To update Joomla you click on a button and 30 seconds later you have a fresh new updated site with all security and new features update! Your site will never be crashed if you update within Joomla semantics for versions so you have to have a little interest to know how Joomla works.

BTW - The new Joomla 4 is awesome and you should really test it and see by yourself how good it is. I see you have register here dec 2020 and made 2 post here so just join here to get more experience and to ask questions if you need more help to get your site going.

[toivo]

I see you have register here dec 2020 and made 2 post here so just join here to get more experience and to ask questions if you need more help to get your site going.

Unfortunately that forum member had gone to the dark side, added a spam link to the quoted text and was therefore banned.

[sozzled]

In the context of J! 1.5, J! was terrible as far as security was concerned. Years ago (around 2014, perhaps) I had six J! 1.5 websites hosted on a server and, somehow, someone managed to upload malware that compromised all of them. I had to rebuild two of those sites (and I deleted the remainder) using J! 3.x. Since then I will not create any J! 1.5 websites on the internet; the risk of them being successfully attacked is too great.

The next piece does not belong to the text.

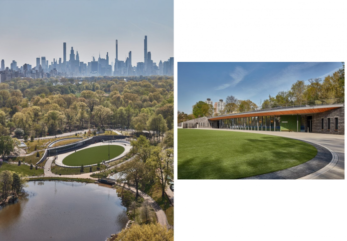 After decades of fragmentation, the northern end of Central Park has undergone a profound transformation with the unveiling of the Davis Center at the Harlem Meer. Designed as a seamless collaboration between Susan T Rodriguez | Architecture • Design, Mitchell Giurgola Architects, and the Central Park Conservancy, this $160 million project revitalizes the former Lasker Rink and Pool site, creating an eight-acre “ultimate fusion of landscape and architecture.” By restoring the park’s natural watercourse and embedding the new recreational facility into the steep slope, the design serves as a vital community hub—offering seasonal activities from ice skating to swimming—while upholding the fundamental purpose of Central Park: to be a restorative, natural refuge for all New Yorkers, particularly those in the adjacent Harlem community.
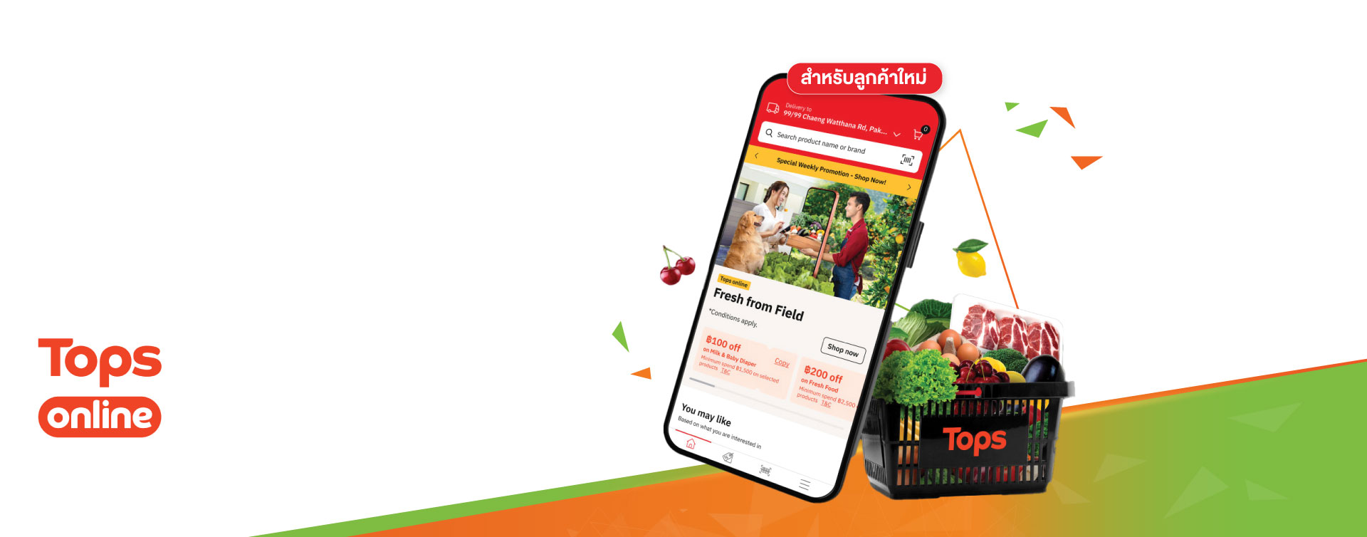 รับส่วนลด 120 บาท เมื่อซื้อสินค้าครบ 1,000 บาทขึ้นไป ต่อใบเสร็จ (คำนวณจากมูลค่าหลังหักส่วนลดทุกชนิดแล้ว) สำหรับลูกค้าที่เป็นสมาชิกใหม่ของ Tops Online เท่านั้น

Besides, my webhosting environment today does not have the requisite PHP environment that would allow me to create a J! 1.5 website. If I need to create a website using J! 1.5 I have to do this using a PC-hosted environment, i.e. "offline" and not connected to the internet, purely for development activities (e.g. migrating a client's J! 1.5 website to J! 3.x). Even then it's tricky.

J! 3.x is better security-wise than J! 1.5 ever was.

As far as J! 4 is concerned, I wouldn't describe it as "awesome". Besides, J! 4 doesn't exist for production usage yet and the market hasn't made up its mind about whether it will be a successful venture or not.

My advice:

J! 1.0 → 1.5: security was terrible. Don't use it.
J! 1.6 → 1.7 → 2.5: security was not much improved. Don't use it.
J! 3.0 → J! 3.9: security has steadily been improved. Make sure you use the latest release.
J! 4.0: no comment. The software is still in development, is unsupported and is not ready for production usage. Don't use it until it has gained popular acceptance (currently less than 1% of all J! websites use J! 4 and I think that says everything that needs to be said).

This is an old topic—marked as resolved—and it should probably be laid to rest.